#### [Collection entries]
# # # # #

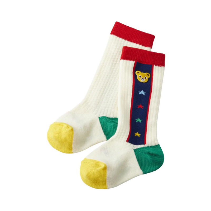 양말 일본식 새 만화 귀여운 곰과 토끼 자수 컬러 매칭 스타킹 아기 중간 길이 양말
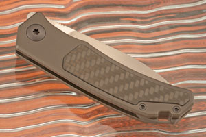 The handle is darkened grade 5 titanium with carbon fiber inlaid into the show side. The titanium is skeletonized to reduce weight to only 2.6 oz! A lanyard can be added using the lanyard hole included in the backbar. The 3D machined titanium pocket clip is mounted for left-side, tip-up carry.
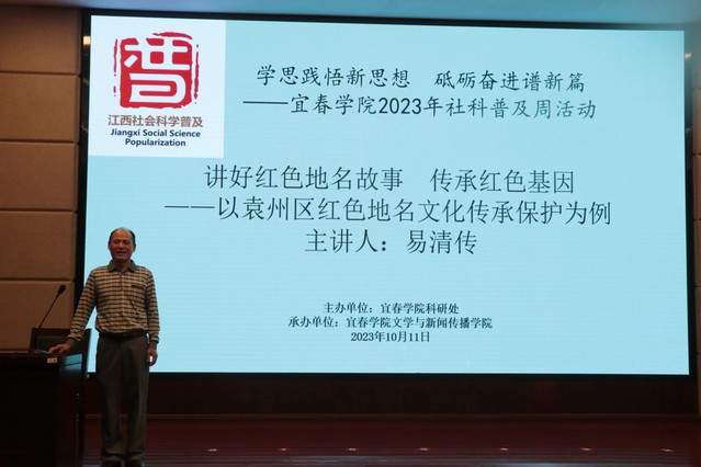 本站讯(科研处 供稿)10月11日下午,beat365官网2023年江西省社会科学普及周第一场活动在科技楼学术报告厅举行。本次活动由科研处主办,文学与新闻传播学院承办。易清传副教授作了题为“讲好红色地名故事 传承红色基因——以袁州区红色地名文化传承保护为例”的讲座。文学与新闻传播学院22级部分学生参加了此次讲座。
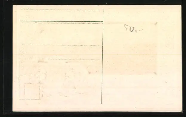 Personenbezogene Daten auf der Rückseite der Karte wurden durch blauen Textmarker unkenntlich gemacht. Die blauen Stellen sind auf die Vorderseite durchgeweicht und wirken sich negativ auf das Postkartenfoto aus
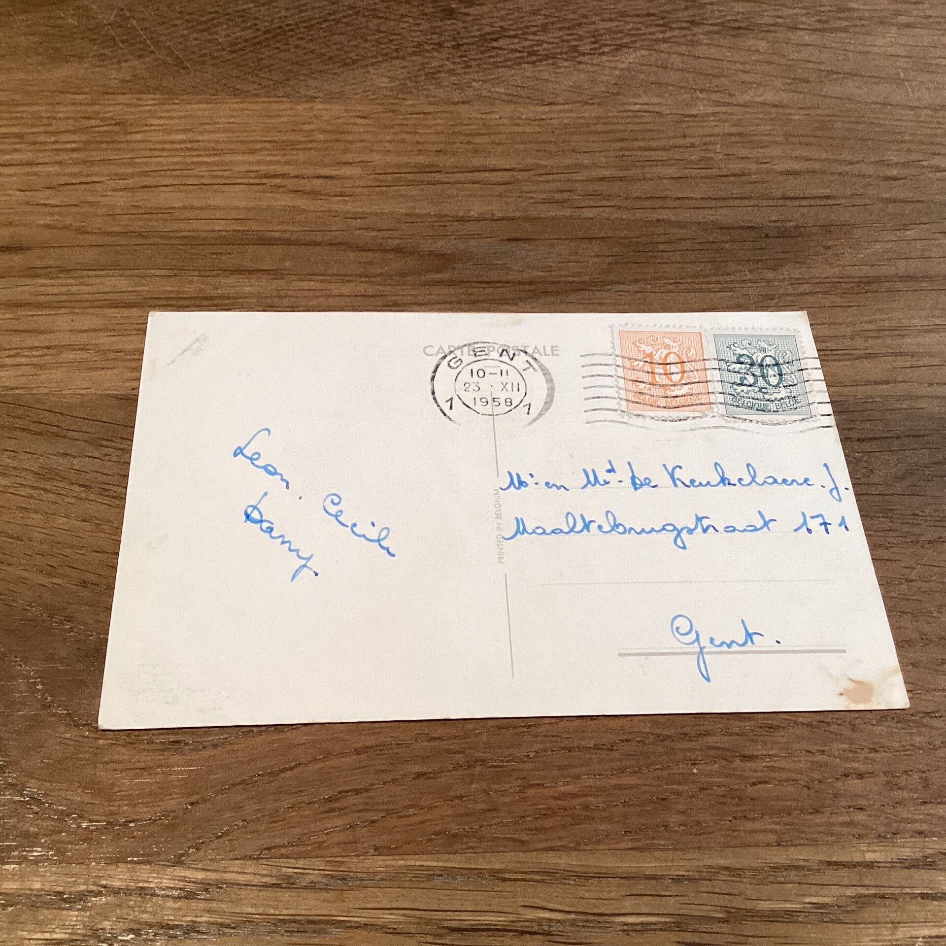 Antieke kerstkaart, vrolijk kerstfeest uit 1958
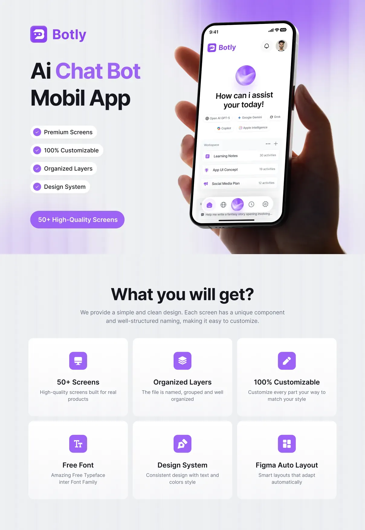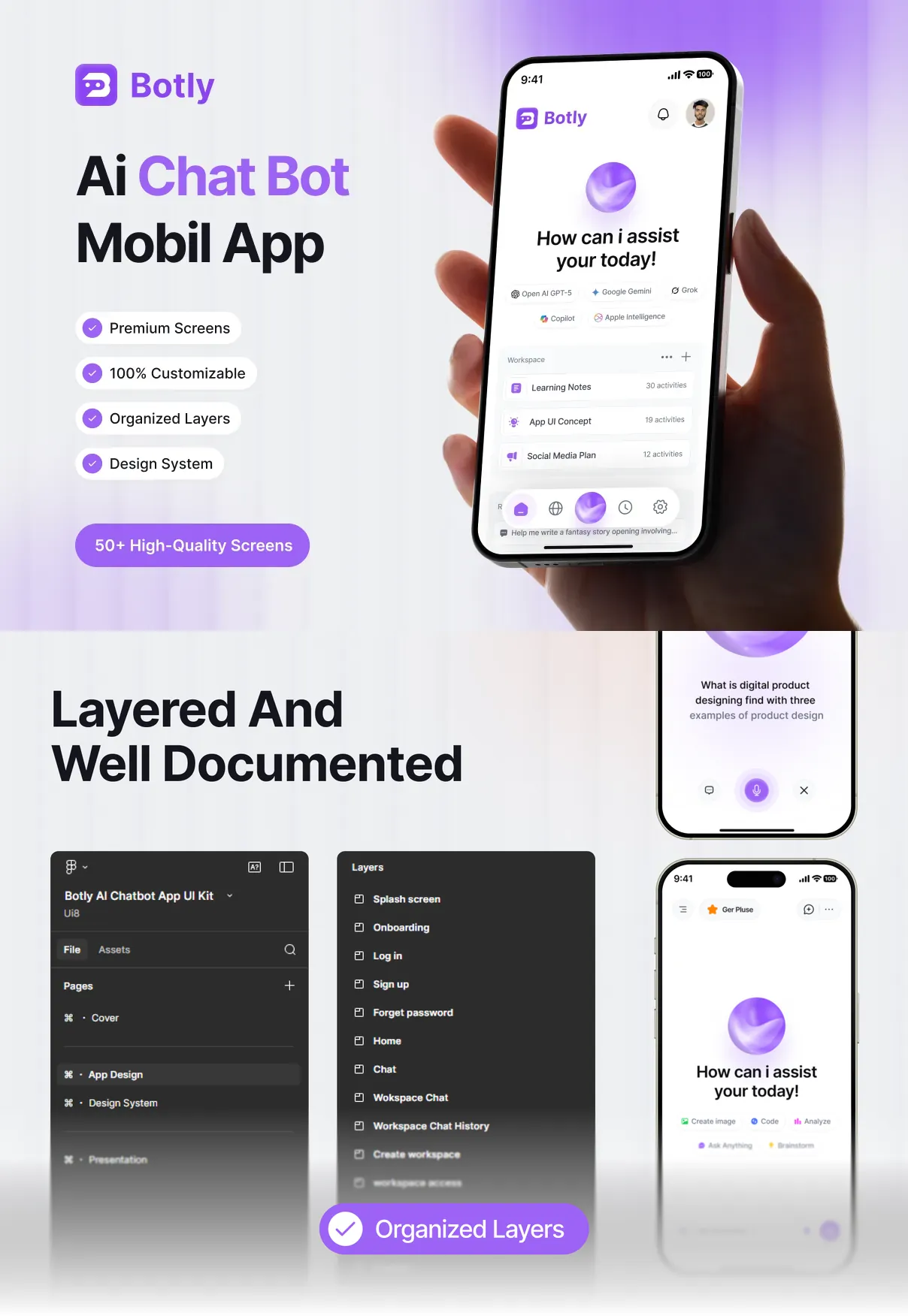 This kit includes 50+ beautifully designed screens and a complete design system, built with clean structure and fully organized layers for easy customization.
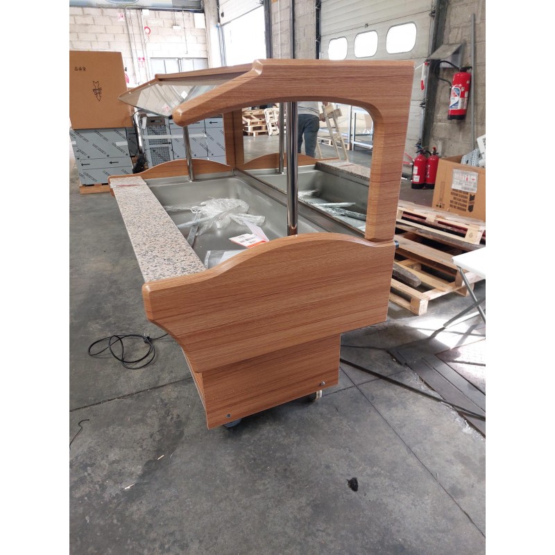Température 0°C +10°C Coloris noyer Réfrigération statique Tablette en granit coloris Rosa Porino Thermostat électronique Cuve inox AISI 304 Gaz réfrigérant : R134a Capacité 4 bacs GN1/1 profondeur 150 mm (bacs non fournis)
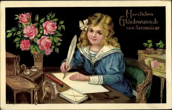 Ak Glückwunsch Neujahr, Mädchen sitzt am Schreibtisch und schreibt einen Brief, Hufeisen, Rosen
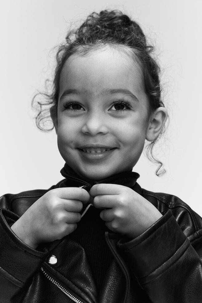 Байкерская куртка из ткани с покрытием, с декоративными кнопками на лацканах воротника, косой застежкой-молнией спереди и карманами на молнии. На подкладке.
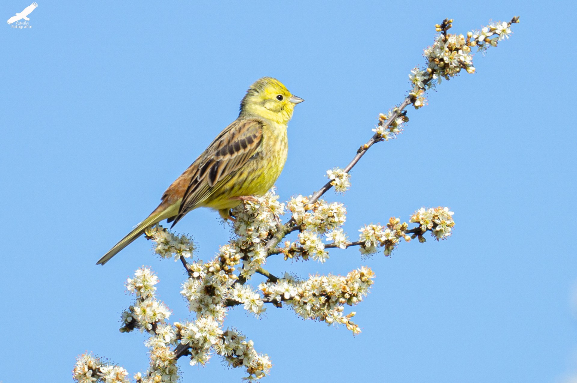 Eine Goldammer genießt den Blütenduft. Ein Bild von Mandy Oppermann
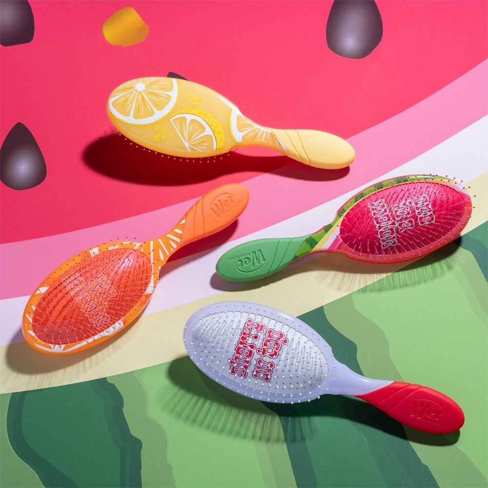 The vibrant spirit of summer! WetBrush Pro Tutti Fruitti Detangler Orange features a limited edition fruit design. This is the world famous, award-winning Original Detangler redesigned by stylists for stylists. Revolutionary IntelliFlex bristles diffuse knots on all hair types, wet or dry, gliding through tangles with less effort, less pain and over 55%* less breakage. Ergonomically advanced with finger rests and rubberised EasyGrip handle for more comfort and control.
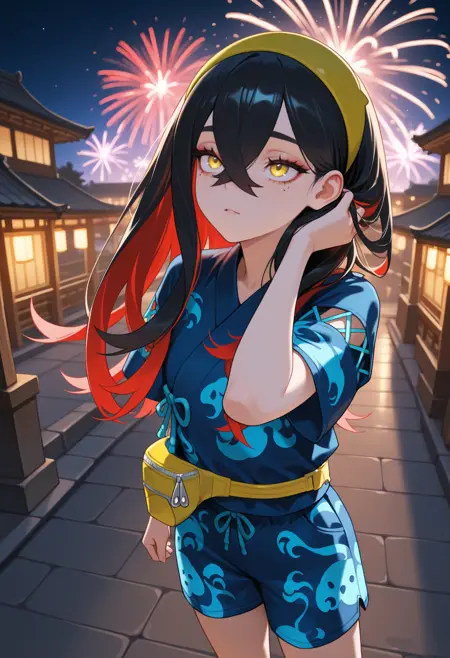 티올 마스크: crmnteal, 눈 밑 점, 긴 머리, 색상 내부 머리카락, 검은 머리, 빨간 머리, 눈 사이 머리카락, 십자 앞머리, 노란 헤어밴드, 노란 눈, 속눈썹, 일본식 옷, 파란 셔츠, 프린트 셔츠, 짧은 소매, 십자 끈으로 묶인 소매, 파란 반바지, 프린트 반바지, 노란 가방, 허리 가방
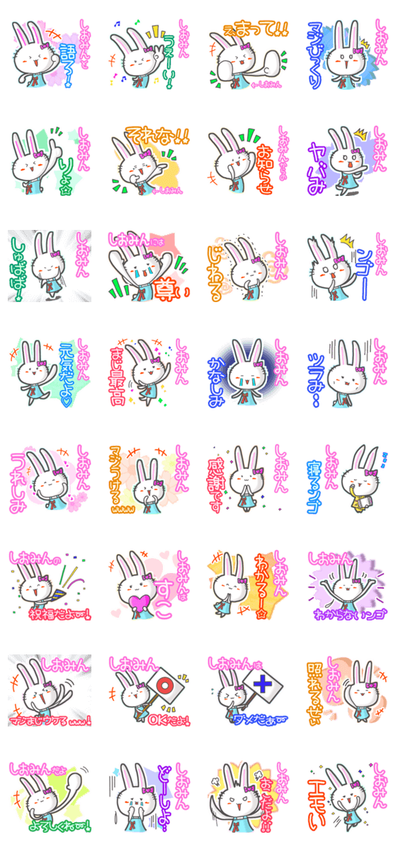 | スタンプ説明 | ゆっけ。が贈る【しおみん】用名前スタンプ04です。友達や恋人とのやりとり、グループの連絡にぜひ。《ゆっけ。のアニぱ!》04「ガールなうさぎちゃん」です。 |
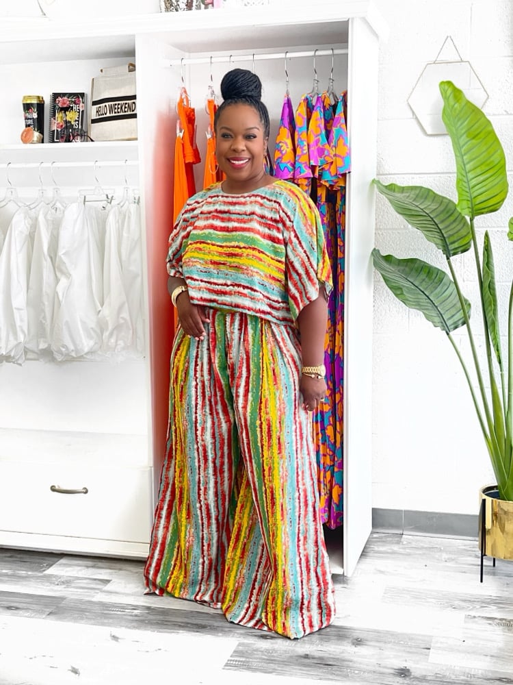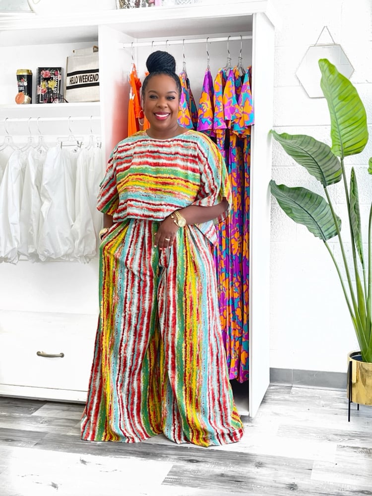 Step out in style with the Josie pants set! Featuring wide-leg woven stripe pants with a comfy back elastic waistband, side pockets for a bit of style. Make Josie your new go to for playful, easygoing vibes.
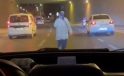 İstanbul’da iki ilginç olay: Akan trafiğe aldırış etmeden yolun ortasından yürüdüler
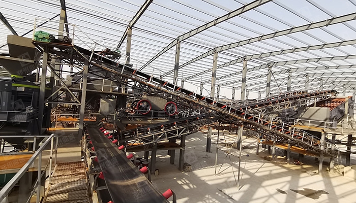 設備配置:ZSW振動篩分(fèn)喂料機,JC顎式破碎機,AF反擊式破碎機,YKF圓振動篩,除鐵器,輕物(wù)質分離器,除塵器,皮帶輸送機
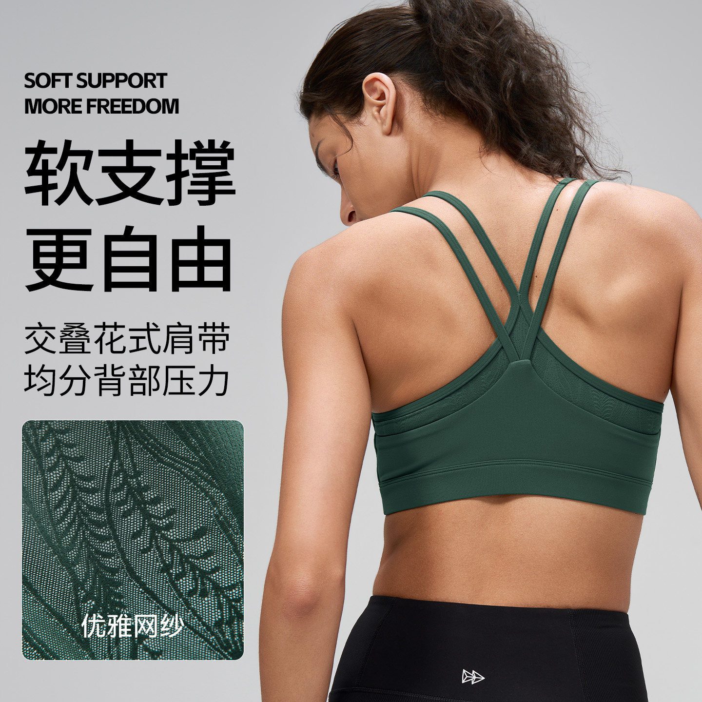 薏凡特 S107134A01 U领交叉肩带低强度运动内衣裸感可拆卸胸垫
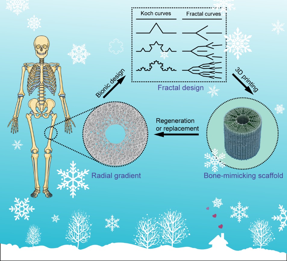 近日,中国科学院深圳先进技术研究院医药所退行性中心的阮长顺、潘浩波和哈尔滨工业大学富宏亚多团队交叉协作,提出一种可用于挤出式3D打印的仿天然骨组织“松质骨-皮质骨”径向连续孔隙调控的骨组织工程支架构筑策略,将分形学理论结合骨组织工程支架生物制造中,克服了传统挤出式3D打印技术难以实现径向梯度孔隙结构的困难。
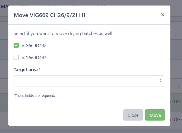 To move a harvest batch between different areas click on the harvest batch you would like to move. Selected harvest batches appear with a green brackground. Multiple harvest batches can be moved at the same time.
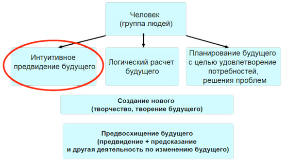 Предвидение является формой опережающего отражения действительности, представленной благодаря интуиции в сознании предрасположенной и готовой к подобному восприятию личности в виде визуального, звукового или иного образа, и направленной на постижение явлений, которые отсутствуют или не известны в настоящий момент, но могут возникнуть или быть изучены и открыты в будущем.
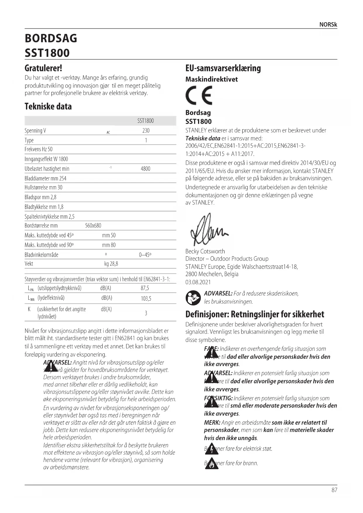 Gratulerer! Du har valgt et ‑verktøy. Mange års erfaring, grundig produktutvikling og innovasjon gjør til en meget pålitelig partner for profesjonelle brukere av elektriskverktøy. Tekniske data Norsk (oversatt fra de originale instruksjonene) BORDSAG SST180088 NORSk Ett øyeblikks uoppmerksomhet under bruk av elektriske verktøy kan føre til alvorligpersonskade. b ) Bruk personlig verneutstyr. Bruk alltid vernebriller. Verneutstyr slik som støvmaske, sklisikre vernesko, hjelm, eller hørselsvern brukt under passende forhold vil reduserepersonskader. c ) Unngå utilsiktet oppstart. Sikre at bryteren er i av‑stillingen før du kobler til strømkilden og/eller batteripakken, plukker opp eller bærer verktøyet. Å bære elektriske verktøy med fingeren på bryteren eller å sette inn støpselet mens elektriske verktøy har bryteren på øker faren forulykker. d ) Fjern eventuelle justeringsnøkler før du slår på det elektriske verktøyet. En nøkkel som er festet til en roterende del av det elektriske verktøyet kan føre tilpersonskade. e ) Ikke strekk deg for langt. Ha godt fotfeste og stå støtt hele tiden. Dette fører til at du har bedre kontroll over det elektriske verktøyet ved uventedesituasjoner. f ) Bruk egnet antrekk. Ikke ha på deg løstsittende klær eller smykker. Hold hår, antrekk og hansker borte fra bevegelige deler. Løstsittende antrekk, smykker eller langt hår kan bli fanget opp av bevegeligedeler. g ) Hvis apparatet er utstyrt for tilkobling av støvutsugings‑ og ‑oppsamlingsinnretning, må du sørge for at disse er koblet til og ordentlig sikret. Bruk av støvoppsamlere kan redusere støvrelatertefarer. h ) Ikke la kunnskap som du har fått fra hyppig bruk av verktøy la deg bli for selvsikker slik at du ignorerer verktøyets sikkerhetsprinsipper. En tankeløs handling kan føre til alvorlig personskade på brøkdelen av etsekund.
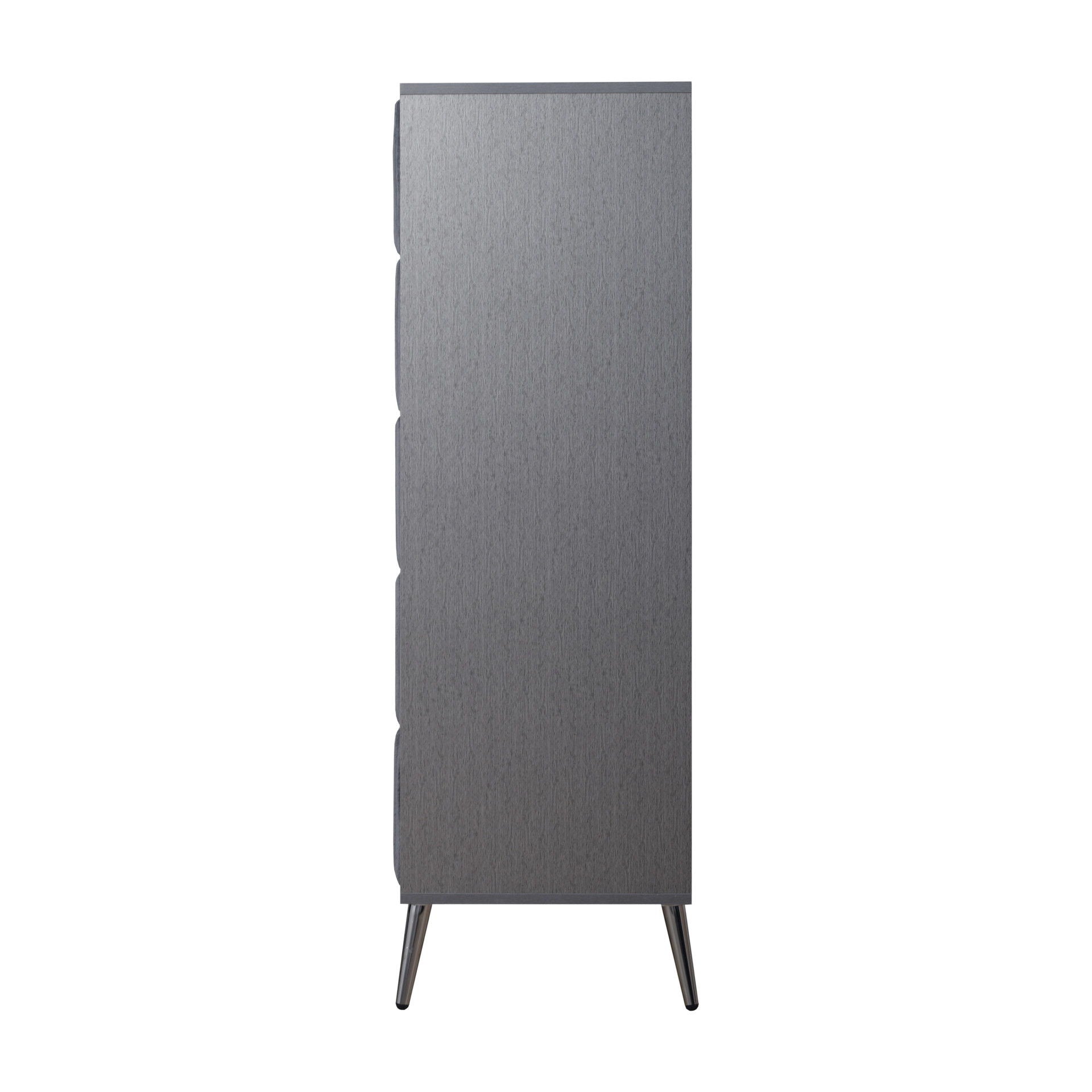 The Kailani 5 Drawer Chest is a perfect blend of modern design, durability, and eco-friendly construction, making it an ideal addition to any bedroom. Expertly crafted from a mix of solid rubberwood, engineered wood, and eco-friendly decorative laminate, this chest offers lasting style and sustainability. The laminate finish not only enhances the chest's appearance but also provides superior resistance to scratches, moisture, and stains, ensuring its beauty with minimal maintenance. The chest features a modern minimalist design with clean lines, a sleek silhouette, and a chic ribbed texture, complemented by slim metallic handles and tapered legs that add both elegance and durability. The drawers, wrapped in luxurious 100% Polyester Velvet and accented by chrome pulls, bring a touch of sophisticated glamour to your space. Each drawer is designed for seamless functionality with fully finished interiors, full-extension slides, and dovetail joinery, providing smooth, snag-free storage and lasting strength. The Kailani 5 Drawer Chest combines style, function, and sustainability, making it a standout piece in any modern bedroom.

# # # # #

#### [Your assignment]
Go back to the lines above and output, exactly as they stand, the ones from the line containing "The handle is" to the line containing "The vibrant spirit". Leave all pictures behind.

#### [Output of the exercise]
 The handle is darkened grade 5 titanium with carbon fiber inlaid into the show side. The titanium is skeletonized to reduce weight to only 2.6 oz! A lanyard can be added using the lanyard hole included in the backbar. The 3D machined titanium pocket clip is mounted for left-side, tip-up carry.
 本站讯(科研处 供稿)10月11日下午,beat365官网2023年江西省社会科学普及周第一场活动在科技楼学术报告厅举行。本次活动由科研处主办,文学与新闻传播学院承办。易清传副教授作了题为“讲好红色地名故事 传承红色基因——以袁州区红色地名文化传承保护为例”的讲座。文学与新闻传播学院22级部分学生参加了此次讲座。
 Personenbezogene Daten auf der Rückseite der Karte wurden durch blauen Textmarker unkenntlich gemacht. Die blauen Stellen sind auf die Vorderseite durchgeweicht und wirken sich negativ auf das Postkartenfoto aus
 Antieke kerstkaart, vrolijk kerstfeest uit 1958
 This kit includes 50+ beautifully designed screens and a complete design system, built with clean structure and fully organized layers for easy customization.
Température 0°C +10°C Coloris noyer Réfrigération statique Tablette en granit coloris Rosa Porino Thermostat électronique Cuve inox AISI 304 Gaz réfrigérant : R134a Capacité 4 bacs GN1/1 profondeur 150 mm (bacs non fournis)
 Ak Glückwunsch Neujahr, Mädchen sitzt am Schreibtisch und schreibt einen Brief, Hufeisen, Rosen
 Байкерская куртка из ткани с покрытием, с декоративными кнопками на лацканах воротника, косой застежкой-молнией спереди и карманами на молнии. На подкладке.
 Eine Goldammer genießt den Blütenduft. Ein Bild von Mandy Oppermann
 The vibrant spirit of summer! WetBrush Pro Tutti Fruitti Detangler Orange features a limited edition fruit design. This is the world famous, award-winning Original Detangler redesigned by stylists for stylists. Revolutionary IntelliFlex bristles diffuse knots on all hair types, wet or dry, gliding through tangles with less effort, less pain and over 55%* less breakage. Ergonomically advanced with finger rests and rubberised EasyGrip handle for more comfort and control.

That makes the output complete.